### HOW TO COMPLETE THIS TASK
Beginning with the line that holds "Sifisrri Punk Men", copy every remaining line of the listing below exactly, and leave the pictures out.

### MATERIAL PROVIDED
*** Begin section ***
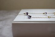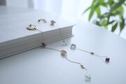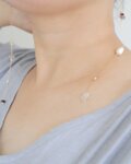 細いチェーンに淡水パールとフローライトを不規則にあしらった、
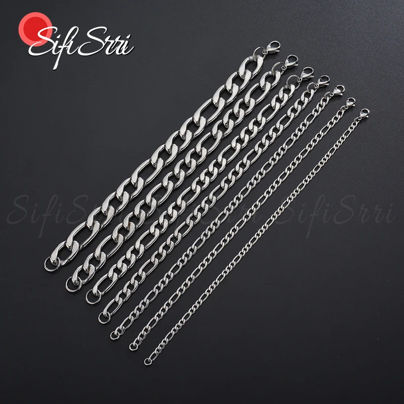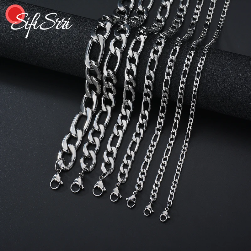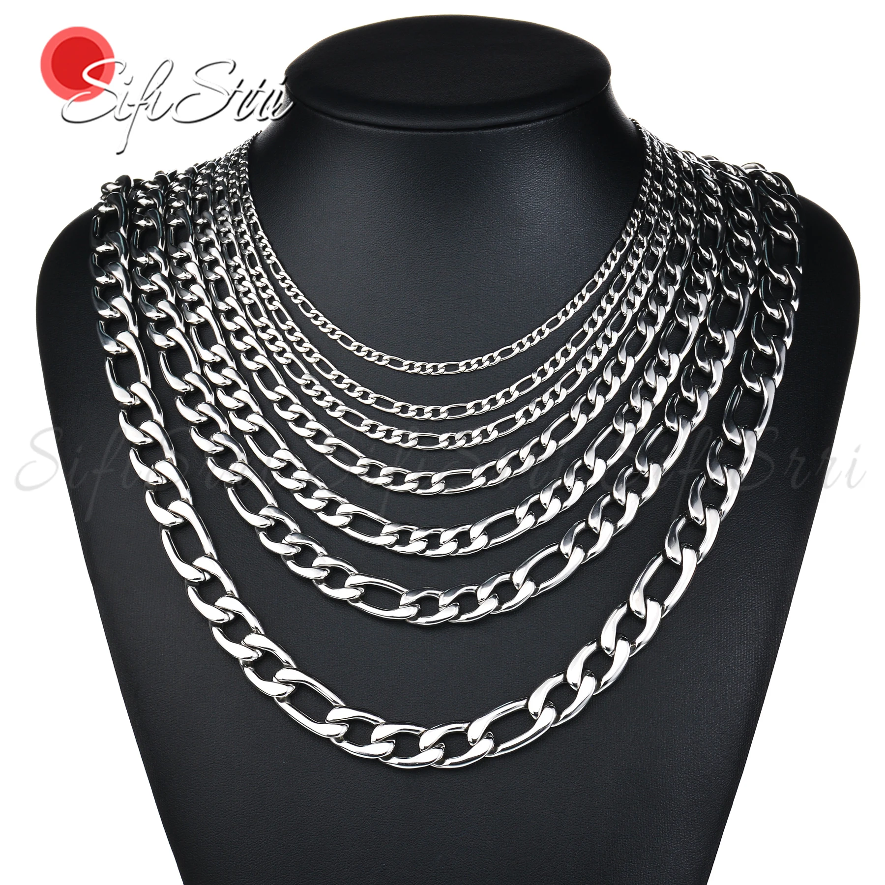 Sifisrri Punk Men 5/9/13mm Stainless Steel Three to One NK Chain Necklace Silver Color Solid Chains Unisex Wrist Jewelry Gift
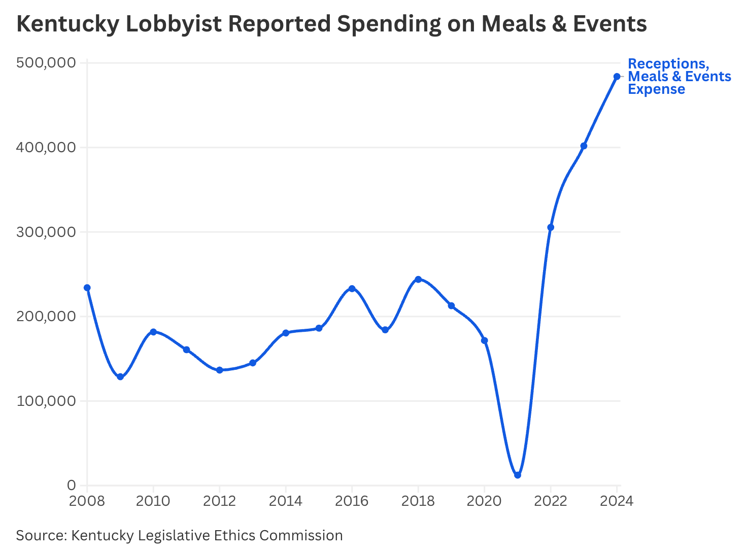 These events had a total reported pricetag of $484,000 throughout 2024, according to records obtained by the Herald-Leader from the Kentucky Legislative Ethics Commission.
*** End section ***
### RESPONSE TO THE EXERCISE
 Sifisrri Punk Men 5/9/13mm Stainless Steel Three to One NK Chain Necklace Silver Color Solid Chains Unisex Wrist Jewelry Gift
 These events had a total reported pricetag of $484,000 throughout 2024, according to records obtained by the Herald-Leader from the Kentucky Legislative Ethics Commission.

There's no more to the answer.